A CLOSER LOOK AT FOOD IN FICTION
This fixation with food in fiction came about when I read novels about food as a child and began to associate feelings with the descriptions. Feelings which I still distinctly remember today. For example, I have a vivid memory of reading The Perfect Hamburger by Alexander McCall Smith as a ten-year-old in class one day before lunch time. The vivid descriptions of the character’s pursuit to make the perfect hamburger with the right selection of ingredients had my stomach rumbling and made me crave burgers! That precious memory has never left me and it’s all owed to the ‘minutiae’ of food in fiction. Who says that a fiction story has to be all plot and characters? I would argue that the subtle ways in which they relate to something such as food really can offer a broader sense of who a character. Furthermore, it offers yet another branch of analysis for book lovers.

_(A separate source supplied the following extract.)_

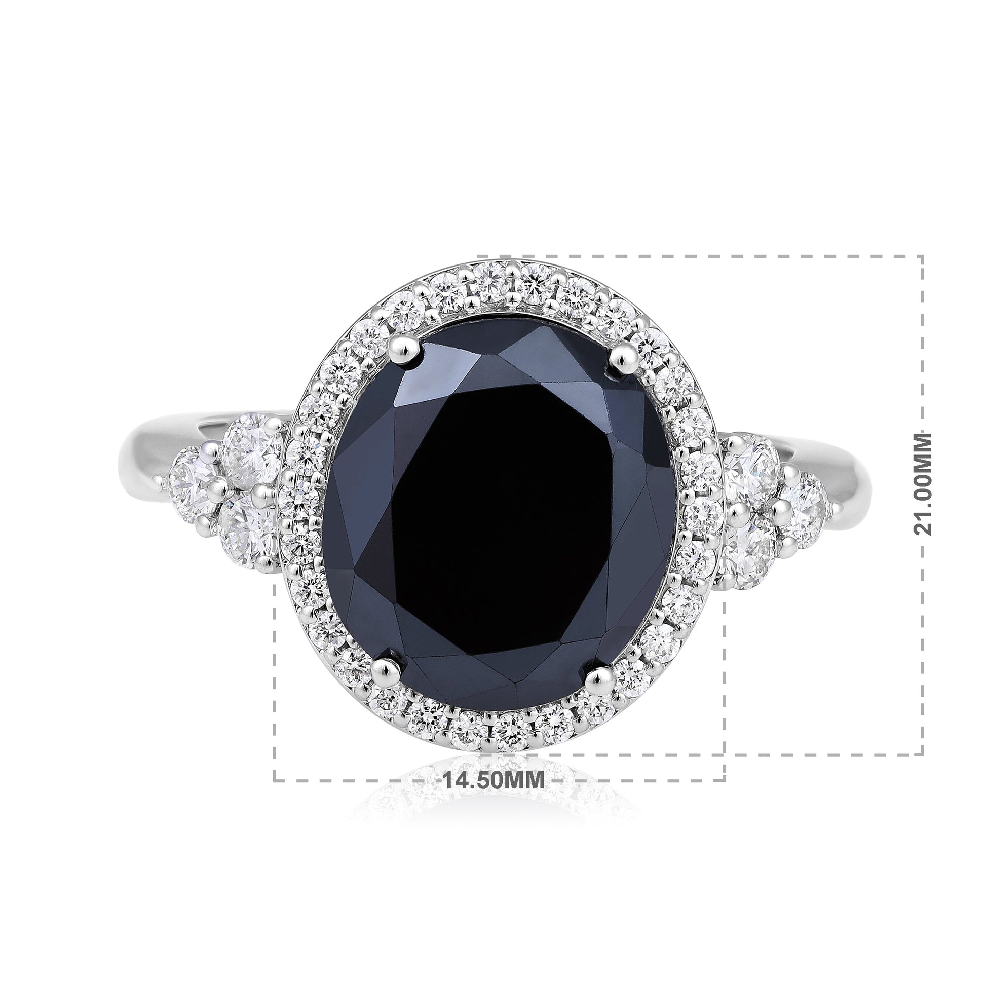 Crafted in 4.9 grams of White Gold, the ring features 36 stones of Natural Diamonds with a total weight of 0.5 carats and 1 stone of Black Diamonds Gemstone with a total weight of 4.93 carats.

The Perfect Hamburger (Young Puffin)
EXAMPLES OF FOOD IN FICTION AND NON-FICTION
Through the often-overlooked lens of gastronomy, we get to understand what it is that drives a character, how they react to scenarios, how organised or disorganised they are or even how healthy their bank balance is. For example, The Road to Wigan Pier, George Orwell’s non-fictional ethnographic pursuits into the life of the working class of Northern England led him to the home of the Brookers. His description of breakfast in their home included a ‘pale fried egg’ and bread and butter which ‘always had thumb-marks on it.’ I always found the vivid description of the food utterly repulsive yet brilliant in communicating the squalid nature of his lodging abode. On the contrary ‘runny fried eggs’ are used in Toni Morrison’s Beloved as main narrator Denver recounts a second-hand story about her absent father and how ‘a plate of soft fried eggs was Christmas to him.’ Food becomes the medium through which we understand the distance between herself and her father and how this distance metaphorically becomes smaller with an endearing recount about his favourite food. This makes him appear more present and attached to her life in some meaningful way, however trivial.
The Road to Wigan Pier (Penguin Modern Classics)
HOW I WRITE FOOD INTO FICTION
As a writer who is a self-confessed foodie, I find it hard not to write food into my fiction. There is something comforting about rendering an appealing description of food into a scene. It’s almost like a piece offering to a character, something for them to relish. I must admit, upon reflection, I don’t seem to incorporate unpleasant experiences of food or food of an unappealing nature in general. Certainly nothing like the disgusting bread and butter offering Orwell received in The Road to Wigan Pier.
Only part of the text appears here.